**Supplied entries**
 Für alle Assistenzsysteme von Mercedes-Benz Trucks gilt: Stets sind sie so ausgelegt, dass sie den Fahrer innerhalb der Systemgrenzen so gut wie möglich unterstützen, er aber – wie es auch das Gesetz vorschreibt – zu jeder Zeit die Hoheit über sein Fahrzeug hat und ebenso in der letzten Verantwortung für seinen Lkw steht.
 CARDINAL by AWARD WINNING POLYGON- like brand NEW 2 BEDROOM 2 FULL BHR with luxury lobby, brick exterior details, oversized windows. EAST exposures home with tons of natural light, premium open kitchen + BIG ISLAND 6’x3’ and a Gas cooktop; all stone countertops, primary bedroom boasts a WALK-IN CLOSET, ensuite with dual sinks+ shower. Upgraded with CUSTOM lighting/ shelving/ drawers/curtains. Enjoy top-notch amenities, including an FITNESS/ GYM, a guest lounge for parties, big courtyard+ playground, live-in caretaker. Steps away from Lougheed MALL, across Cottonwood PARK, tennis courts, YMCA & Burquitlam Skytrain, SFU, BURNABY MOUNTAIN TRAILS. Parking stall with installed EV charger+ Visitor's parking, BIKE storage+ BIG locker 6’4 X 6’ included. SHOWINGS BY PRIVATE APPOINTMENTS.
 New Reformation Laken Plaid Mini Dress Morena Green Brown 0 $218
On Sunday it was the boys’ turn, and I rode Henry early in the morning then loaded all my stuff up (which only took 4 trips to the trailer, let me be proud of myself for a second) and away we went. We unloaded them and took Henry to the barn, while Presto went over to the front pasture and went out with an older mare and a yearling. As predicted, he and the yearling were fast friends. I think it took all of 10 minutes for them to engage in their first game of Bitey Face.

...

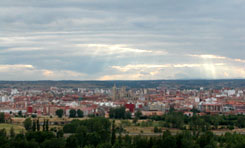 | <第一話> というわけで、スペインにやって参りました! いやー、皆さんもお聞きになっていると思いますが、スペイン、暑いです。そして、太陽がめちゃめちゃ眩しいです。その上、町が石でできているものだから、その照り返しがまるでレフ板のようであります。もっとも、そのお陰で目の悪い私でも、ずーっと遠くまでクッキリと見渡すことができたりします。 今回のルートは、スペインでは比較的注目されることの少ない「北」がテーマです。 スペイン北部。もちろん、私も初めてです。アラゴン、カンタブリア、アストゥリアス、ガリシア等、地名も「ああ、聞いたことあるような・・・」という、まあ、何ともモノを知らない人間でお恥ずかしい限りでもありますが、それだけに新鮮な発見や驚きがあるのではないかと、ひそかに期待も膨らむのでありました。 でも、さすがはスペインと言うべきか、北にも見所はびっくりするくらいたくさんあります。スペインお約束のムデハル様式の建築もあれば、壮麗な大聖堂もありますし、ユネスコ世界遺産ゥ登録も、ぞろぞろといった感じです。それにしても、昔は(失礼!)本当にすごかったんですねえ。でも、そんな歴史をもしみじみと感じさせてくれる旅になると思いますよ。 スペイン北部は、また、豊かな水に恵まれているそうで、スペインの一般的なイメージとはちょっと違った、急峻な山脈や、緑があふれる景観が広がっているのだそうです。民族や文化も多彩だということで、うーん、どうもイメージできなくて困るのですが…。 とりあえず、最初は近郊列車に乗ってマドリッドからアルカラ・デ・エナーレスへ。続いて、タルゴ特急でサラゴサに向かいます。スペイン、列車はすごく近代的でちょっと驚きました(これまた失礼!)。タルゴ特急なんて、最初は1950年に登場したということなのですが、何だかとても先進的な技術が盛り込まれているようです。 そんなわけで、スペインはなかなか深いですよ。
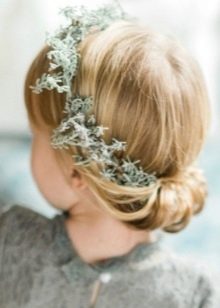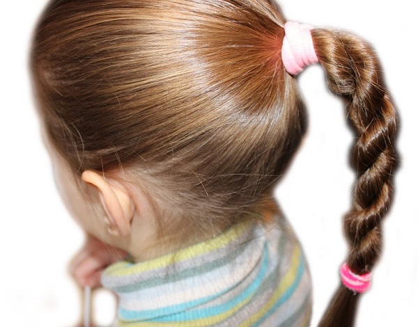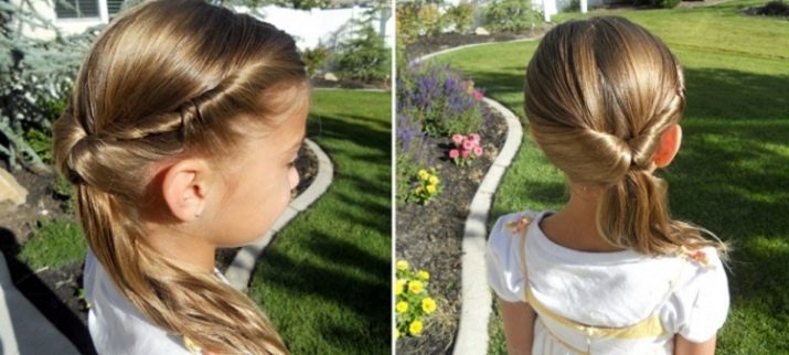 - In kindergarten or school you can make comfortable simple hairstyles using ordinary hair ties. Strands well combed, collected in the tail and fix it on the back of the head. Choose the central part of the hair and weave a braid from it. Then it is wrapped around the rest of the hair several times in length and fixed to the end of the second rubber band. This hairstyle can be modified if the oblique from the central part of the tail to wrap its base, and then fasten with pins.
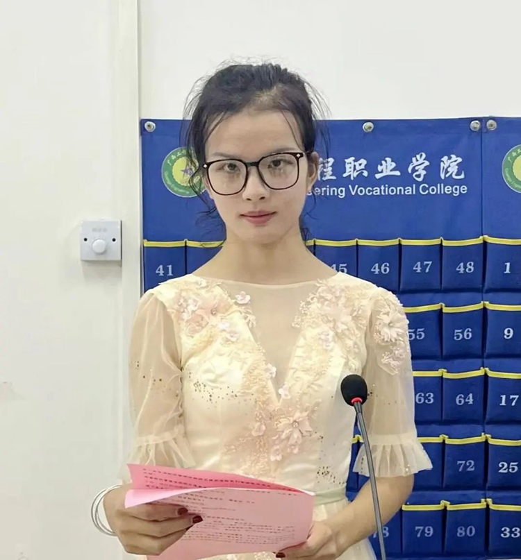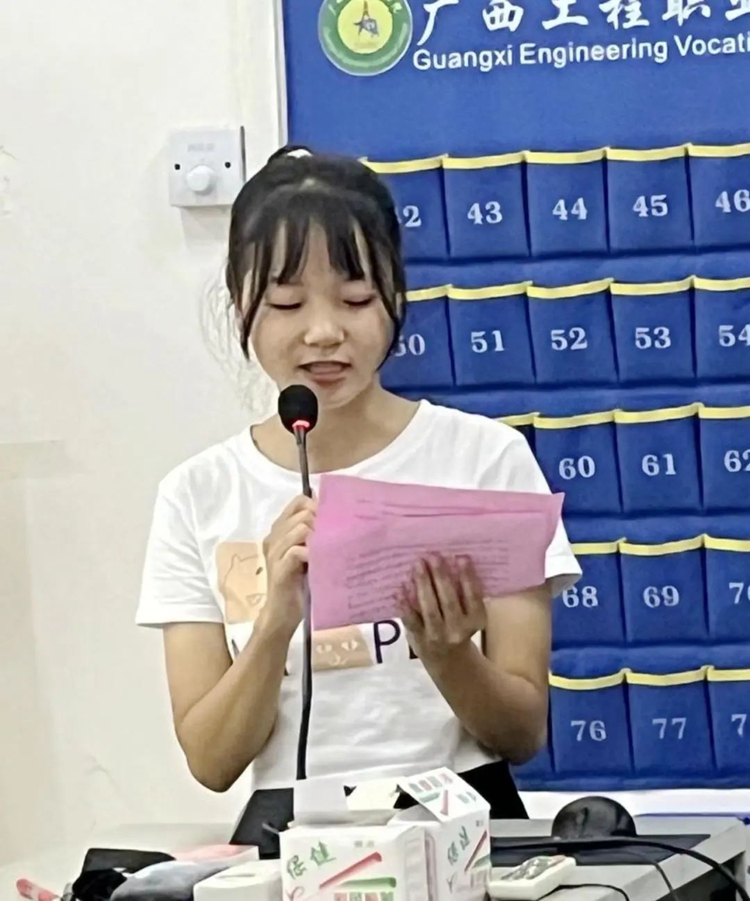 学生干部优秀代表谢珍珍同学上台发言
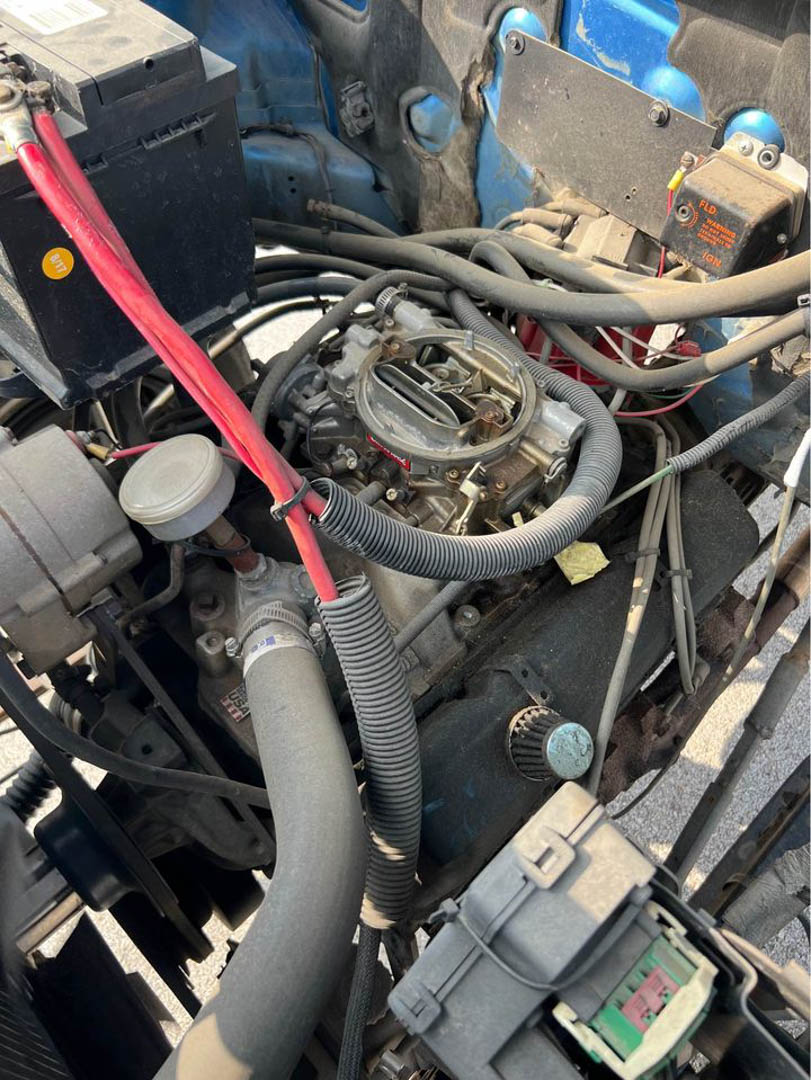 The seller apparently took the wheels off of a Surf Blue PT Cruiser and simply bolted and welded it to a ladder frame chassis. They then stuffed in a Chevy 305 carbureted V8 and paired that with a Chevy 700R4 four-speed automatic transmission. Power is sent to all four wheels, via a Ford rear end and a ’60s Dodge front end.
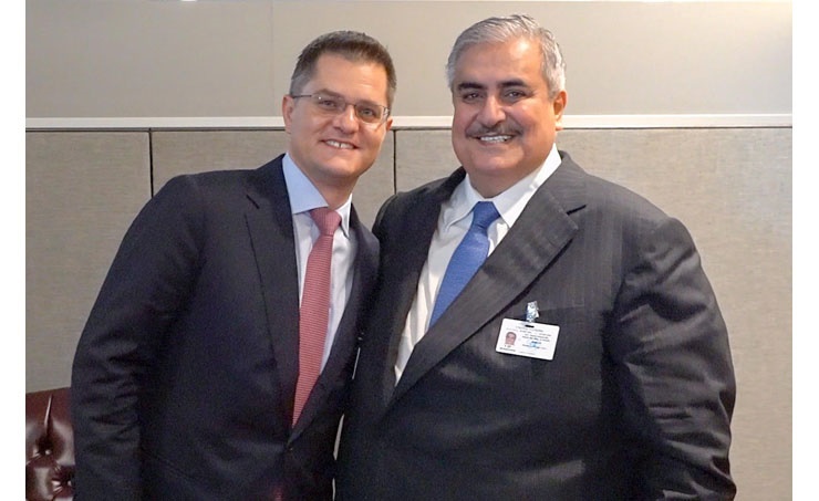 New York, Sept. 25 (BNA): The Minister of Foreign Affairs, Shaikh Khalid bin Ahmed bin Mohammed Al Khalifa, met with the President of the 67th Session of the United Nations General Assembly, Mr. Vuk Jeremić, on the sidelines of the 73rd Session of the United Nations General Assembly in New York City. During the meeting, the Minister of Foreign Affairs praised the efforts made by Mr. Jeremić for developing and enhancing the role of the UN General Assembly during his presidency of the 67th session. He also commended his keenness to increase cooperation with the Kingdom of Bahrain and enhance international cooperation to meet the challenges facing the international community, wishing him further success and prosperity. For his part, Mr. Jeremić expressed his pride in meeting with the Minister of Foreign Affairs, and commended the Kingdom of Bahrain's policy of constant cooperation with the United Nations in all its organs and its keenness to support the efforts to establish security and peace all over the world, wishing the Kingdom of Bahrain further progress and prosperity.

==

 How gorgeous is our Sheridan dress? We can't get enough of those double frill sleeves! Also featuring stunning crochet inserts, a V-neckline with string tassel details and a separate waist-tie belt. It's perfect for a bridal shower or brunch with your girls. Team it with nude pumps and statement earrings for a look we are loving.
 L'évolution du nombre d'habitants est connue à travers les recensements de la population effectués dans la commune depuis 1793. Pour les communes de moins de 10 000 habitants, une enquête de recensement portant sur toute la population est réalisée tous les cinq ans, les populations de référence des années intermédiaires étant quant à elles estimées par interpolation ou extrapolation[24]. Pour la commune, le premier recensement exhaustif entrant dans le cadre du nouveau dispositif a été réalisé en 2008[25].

**Exercise**
Your answer should be the number of lines in the records that contain the word "shower", with nothing added.

**Response to this exercise**
2